Late Monday, Finance Minister Yannis Stournaras told reporters he hoped the Eurogroup would “acknowledge the sacrifices of the Greek people,” referring to the new measures.
Security has been tightened for the event, with police banning protests in a large section of the city center for much of the day Tuesday and Wednesday.
In comments Monday, Eurogroup chairman Jeroen Dijsselbloem confirmed that the Eurogroup summit in Athens would set the timetable for dispensing rescue loans to Greece, noting that the next tranche would be just over 8 billion euros. That tranche will be dispensed in sub-tranches over the coming months and on the condition that Greece enforces reforms voted through Parliament, according to a draft report by the troika which was leaked to the media.

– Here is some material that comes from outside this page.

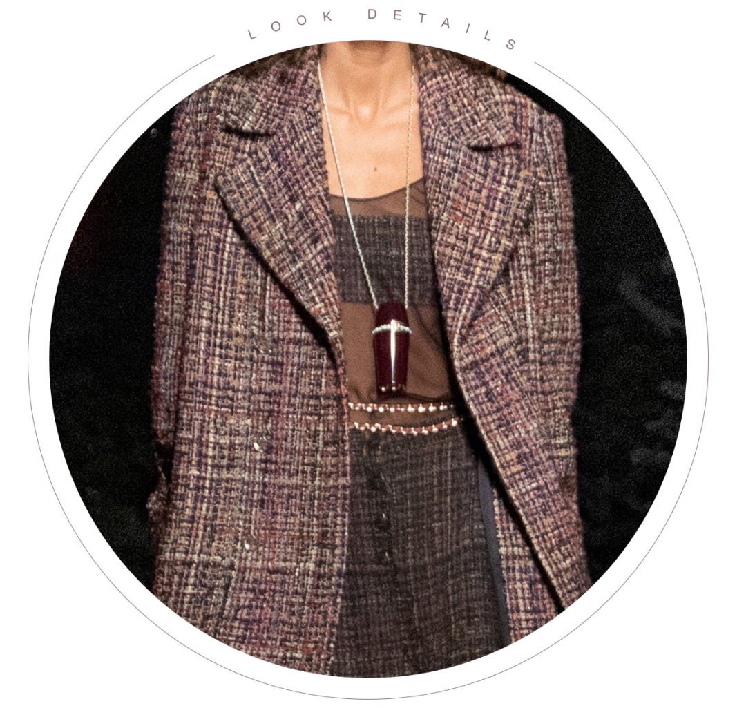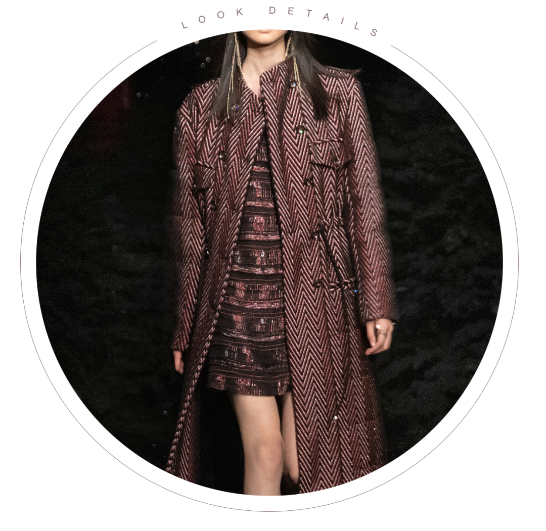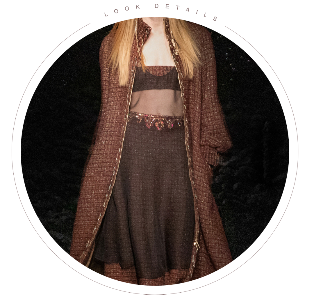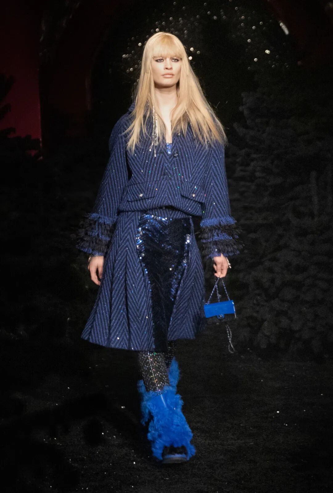这个系列融合了两种灵感,Virginie Viard所钟爱的滑雪假日的那种氛围,和从20世纪70年代延续至今的,一种非常酷的巴黎式的时髦。她旨在营造“温暖”“生动”的秀台氛围。Virginie Viard将“对比”概念融合其中,在本系列中呈现出一场关于量感、材质与作品之间的碰撞和较量。

According to sources, the troika still has reservations on some of the provisions of the multi-bill, including on changes governing the shelf life of fresh milk and on compensation for dismissed civil servants.
However, it appears that the government will not be obliged to impose any new austerity measures that could be politically damaging ahead of elections in May.
The troika’s report underlined Greece’s success in putting its fiscal house in order, confirming predictions of a primary surplus of 2.4 billion euros for 2013, and noted that auditors saw no fiscal gap for this year. However the report predicts a fiscal gap of 2 billion euros for 2015.
Athens is eager for the EC’s statistics service, Eurostat, to confirm Greece’s projected primary surplus without delay so a debate can begin on lightening its debt. However, an International Monetary Fund official, Reza Moghadam, indicated Monday that this discussion would not begin until after the summer.